| BRIEF |
From the line containing "Boutique Mother of" through the last line of the data, both ends included, write out every line exactly; omit the pictures.

| EXERCISE DATA |
[Start of Attachment]

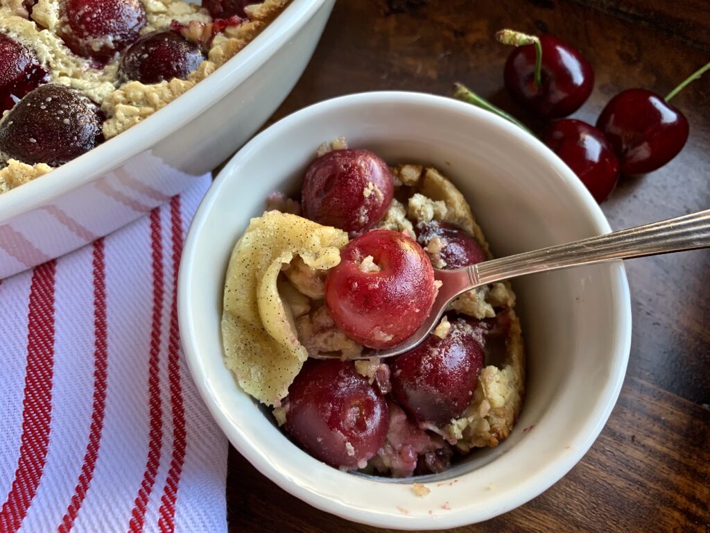 It’s the perfect place for a favorite summer fruit to hide out – baked inside a rich, luscious vanilla custard! With a light layer of crunch from toasted almonds these sweet, plump cherries are all dressed up nestled in a dessert that’s utterly delectable, ridiculously easy and ideal for easy entertaining!
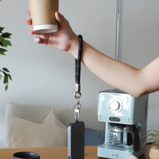 バッグやポケットにしまわず、手首にかけて持ち歩くスタイルへ。
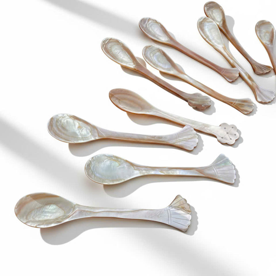 Boutique Mother of Pearl Shell Spoons Small Caviar Spoon Bulk Sustainable Kitchenware Set for Seafood Restaurant Catering Gift
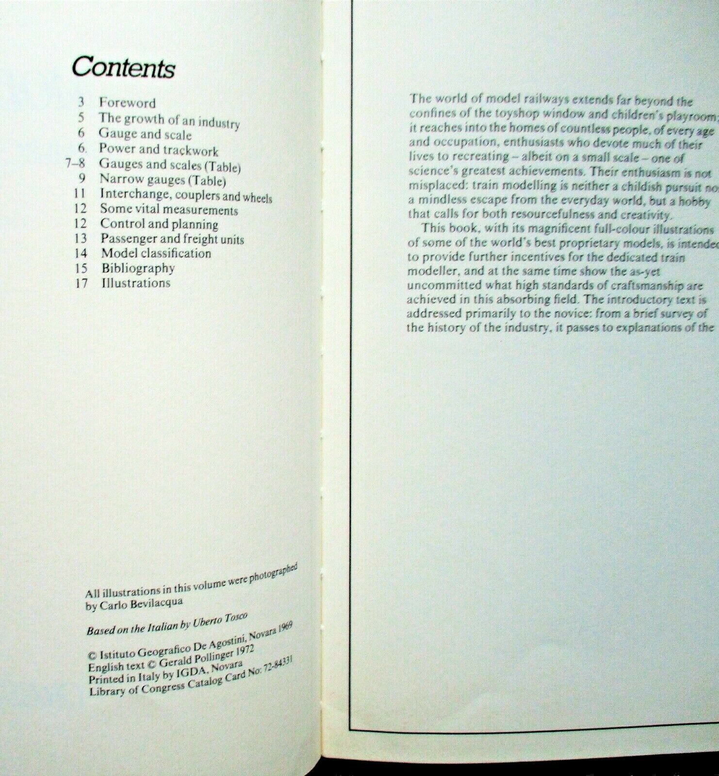 9" x 12" hardcover, No jacket (As Issued) titled COLOR TREASURY OF MODEL TRAINS published by Crescent Books, copyright 1972. 69 pages, Pictorial boards. 110 color photos of actual models, nice detail, stats and specs. Numerous color plates which provide examples of many different types of equipment and locomotive classification. A must book for the Model Train Collector.

[End of Attachment]

| WRITTEN RESPONSE |
 Boutique Mother of Pearl Shell Spoons Small Caviar Spoon Bulk Sustainable Kitchenware Set for Seafood Restaurant Catering Gift
 9" x 12" hardcover, No jacket (As Issued) titled COLOR TREASURY OF MODEL TRAINS published by Crescent Books, copyright 1972. 69 pages, Pictorial boards. 110 color photos of actual models, nice detail, stats and specs. Numerous color plates which provide examples of many different types of equipment and locomotive classification. A must book for the Model Train Collector.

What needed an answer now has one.